# Drehendies dingsbums



## C4R7M4N (26. Dezember 2002)

Mit welchen Programm macht man so ein drehteil. Ka Ahnung wie das heißt.

http://www.team-why.de/design/cs.gif
Des is von http://www.Team-why.de

und wo find ich das ?


----------



## Tim C. (26. Dezember 2002)

Das Dingsbums nennt sich Animated GIF.

Im Grunde in irgendeinem 3D Programm die Drehung erzeugen und dann wenn das 3D Programm Gif Export unterstützt damit ansonsten Einzelbilder exportieren und in dem AnimatedGIFMaker zusammensetzen, Dabei dann vorher eventuell in den Einzelbildern die Transparenten bereiche löschen, damit die auch wirklich transparent sind.

Wo bekomme ich das her...3D Programme: Links zu Trial Versionen finden sich im 3D Forum...GifMaker musste mal bei google Suchen.

btw ich find die Fragestellung und das Betreff mal wieder göttlich


----------



## Christoph (26. Dezember 2002)

1. Möglichkeit

Pfad in Illustrator oder Freehand erstellen und in Swift 3d wider importieren.

2.) Cinema 4d
Ebenfalls Pfade in Illustrator machen und in cinema4d wieder importerien.
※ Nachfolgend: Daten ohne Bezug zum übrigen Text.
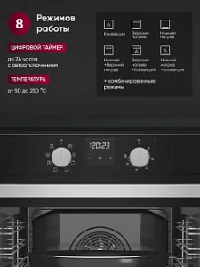 Восемь режимов работы, включающие работу классических нагревательных элементов, кольцевого нагревателя в сочетании с конвектором, позволяют готовить самые сложные и необычные блюда.

Danach eine einfache Animation und Extrude+ Hypernurbs 

und fertig

achja, als gif swf oder avi abspeichern


----------



## Tim C. (26. Dezember 2002)

und damit soll der Jung was anfangen können ? Meins ist ja undurchsichtig aber deins ??? 

Achja wenns ne Einfache Drehung sein soll und das Objekt sagen wir mal keine Tiefenverformung hat, also man sozusagen auch einzelne Buchstaben einer Objektfont nehmen könnte, dann gehts meine ich auch mit Xara 3D.


----------



## Christoph (26. Dezember 2002)

:-[ :-[ :-[


----------



## C4R7M4N (26. Dezember 2002)

hmm... ein sack kartoffeln weiß genau soviel wie ich über das imprt exort programmzeug.  HIHI  

ich versuchs einfach noch etwas vieleicht wirds ja was.

Also thx Leutz. für eure Hilfe.


----------



## SHViperia (5. März 2003)

Hmm...wenn du *3D Live Grafix SE* (von IMSI) hast, dann kann ich dir weiter helfen.

Hast du´s?


----------



## Tim C. (5. März 2003)

Ist das jetzt hier der neueste trend 3-6 monate alte threads wieder hochzuholen ???


----------